Records for this task:
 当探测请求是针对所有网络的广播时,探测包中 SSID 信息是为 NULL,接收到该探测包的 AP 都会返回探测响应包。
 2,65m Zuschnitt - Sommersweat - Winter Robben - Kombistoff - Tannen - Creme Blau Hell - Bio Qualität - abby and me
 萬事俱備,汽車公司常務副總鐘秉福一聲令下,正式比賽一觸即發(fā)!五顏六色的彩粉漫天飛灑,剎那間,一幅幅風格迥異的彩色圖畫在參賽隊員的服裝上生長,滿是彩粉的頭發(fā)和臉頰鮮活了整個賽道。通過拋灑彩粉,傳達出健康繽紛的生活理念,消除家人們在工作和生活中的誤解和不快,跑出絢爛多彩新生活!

* * *

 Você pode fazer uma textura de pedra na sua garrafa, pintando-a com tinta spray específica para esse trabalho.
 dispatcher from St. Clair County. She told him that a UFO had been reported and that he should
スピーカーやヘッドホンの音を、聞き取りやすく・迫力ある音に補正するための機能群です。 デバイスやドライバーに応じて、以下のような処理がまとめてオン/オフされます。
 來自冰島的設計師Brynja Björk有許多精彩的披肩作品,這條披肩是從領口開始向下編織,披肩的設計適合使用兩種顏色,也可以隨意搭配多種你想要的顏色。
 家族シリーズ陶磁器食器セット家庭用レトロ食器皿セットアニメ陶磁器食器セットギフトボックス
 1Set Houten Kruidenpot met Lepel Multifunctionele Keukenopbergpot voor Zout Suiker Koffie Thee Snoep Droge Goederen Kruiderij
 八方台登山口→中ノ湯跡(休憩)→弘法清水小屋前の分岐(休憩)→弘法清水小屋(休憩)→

Task prompt: Quote the listing above, but only from the line that shows "Você pode fazer" through the line that shows "八方台登山口→中ノ湯跡(休憩".

Problem solution:
 Você pode fazer uma textura de pedra na sua garrafa, pintando-a com tinta spray específica para esse trabalho.
 dispatcher from St. Clair County. She told him that a UFO had been reported and that he should
スピーカーやヘッドホンの音を、聞き取りやすく・迫力ある音に補正するための機能群です。 デバイスやドライバーに応じて、以下のような処理がまとめてオン/オフされます。
 來自冰島的設計師Brynja Björk有許多精彩的披肩作品,這條披肩是從領口開始向下編織,披肩的設計適合使用兩種顏色,也可以隨意搭配多種你想要的顏色。
 家族シリーズ陶磁器食器セット家庭用レトロ食器皿セットアニメ陶磁器食器セットギフトボックス
 1Set Houten Kruidenpot met Lepel Multifunctionele Keukenopbergpot voor Zout Suiker Koffie Thee Snoep Droge Goederen Kruiderij
 八方台登山口→中ノ湯跡(休憩)→弘法清水小屋前の分岐(休憩)→弘法清水小屋(休憩)→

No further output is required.